Fast method to solve transcendental equation for a range of parameters? I have an equation of the form
$t + e^{Ax} + e^{Bx} = 0$
This is a transcendental equation, and I would use a Newton-Raphson algorithm or uniroot in R, to solve for $x$.
I am interested in finding the solution to this equation for a range of values of $t$.
Do I need to repeat the same algorithm for every value of $t$, or is there any way in which I can use the solution for a particular $t$ to calculate the solution for other values of $t$?

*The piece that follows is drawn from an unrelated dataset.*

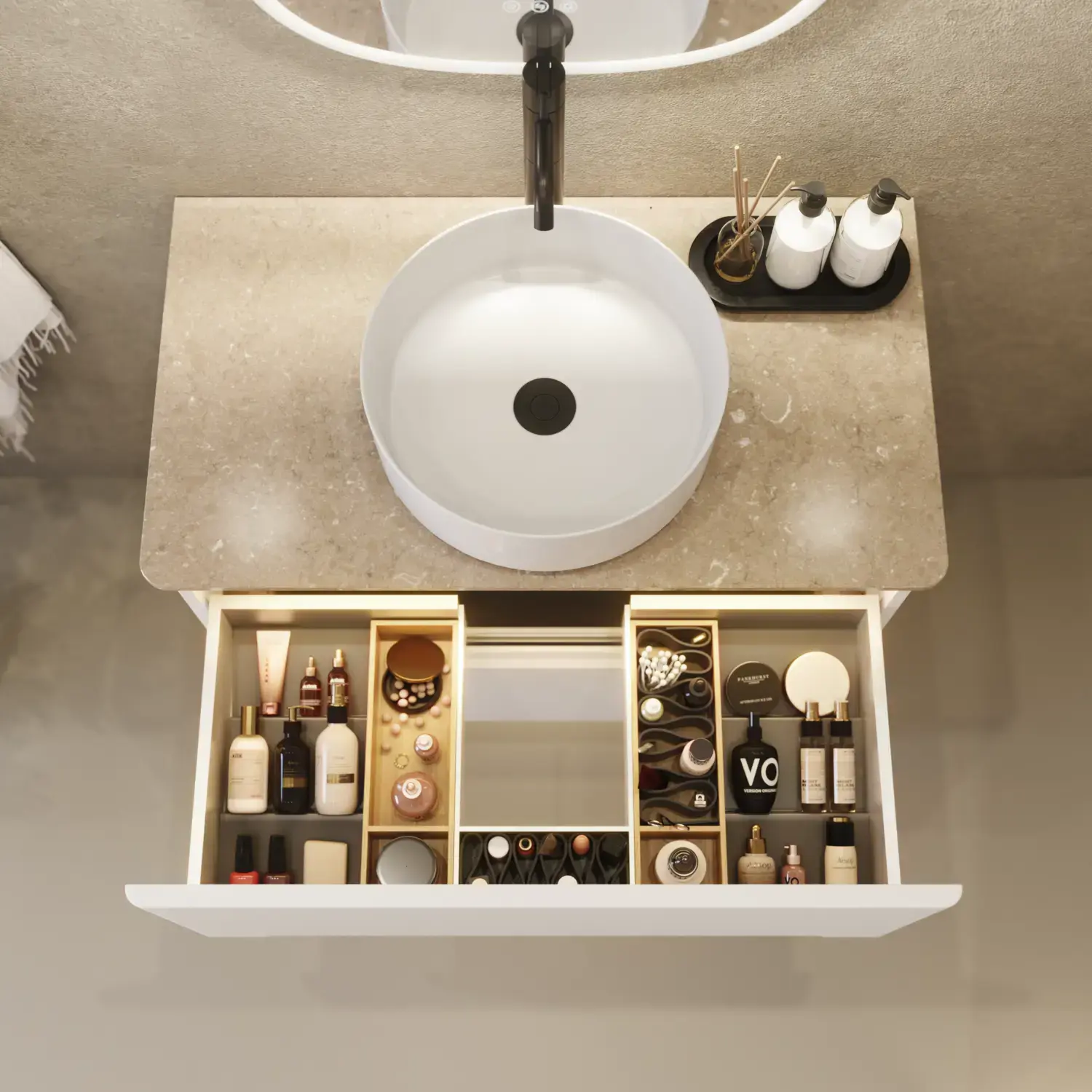 - Geïntegreerde stroomvoorziening: Sommige series bieden de mogelijkheid van een ingebouwd stopcontact in de lade. Hiermee zijn je scheerapparaat of elektrische tandenborstel altijd binnen handbereik en wordt het gemakkelijker om je dagelijkse verzorgingsroutines uit te voeren.

Edit: In my specific problem I have $A > 0$ and $B<0$.
 A: Here is a solution that transforms the initial problem with 2 parameters into a 1 parameter issue, easier to tackle.
Set $C=B/A$ (a negative number because $A>0$ and $B<0$).
Let us make a (bijective !) change of variable
$$u=e^{Ax} \ \ \iff \ \ x=\frac{1}{A}\text{ln}(u)\tag{1}$$
Important remark : $u>0$.
The initial equation
$$x+e^{Ax}+e^{Bx}=0 \tag{2}$$
is thus transformed into
$$\underbrace{t+u+u^C}_{f(u)}=0\tag{3}$$
or, geometrically, into the intersection of
$$\begin{cases}y&=&u^C& \ \ \text{(curve with asymptotes)} \\y&=&-u-t& \ \ \text{line with slope} \ -1\end{cases}\tag{4}$$
Fig. 1 illustrates (4).
Three cases can occur (due to the fact that the straight line hits the $y$ axis in $-t$) :

*

*either zero solutions when $t<t_0$ for a certain $t_0$.


*(exceptionally) one solution when $t=t_0$,


*2 solutions when $t=t_0$,

and in this case which one do you desire ?
I have assumed here that we are looking for the root with the highest magnitude.

The choice of the initial value is directed by the diagram : if we take the initial value $u=-t$, for big values of $-t$, we will be already rather close to the final value.
The following Matlab program applying Newton iteration is very efficient :
A=1.;B=-2.5;C=B/A;
t=-3;
u=-t, % initialization
for k=1:4, % 4 iterations are usually enough
   u=u-(t+u+u^C)/(1+C*u^(C-1)), % Newton iteration step u = u-f(u)/f'(u)
end;
x=(1/A)*log(u), % solution x=x(t)
t+exp(A*x)+exp(B*x), % checking that this value is (almost !) zero


Fig. 1 : (case  $A=1, B=-2.5, C=B/A=-2.5$. Horizontal axis is for $u$ variable). Curve with equation $y=u^C$ and two straight lines with resp. equations $y=-u-t_0$ and $y=-u-t$ for two different values of $t$ ($t=-3$ and $t=t_0 \approx 1.818$); Newton recurrence relationship with initial value $u_0=3$ gives final value $u_5=2.9321...$ out of which $x=1.0757...$.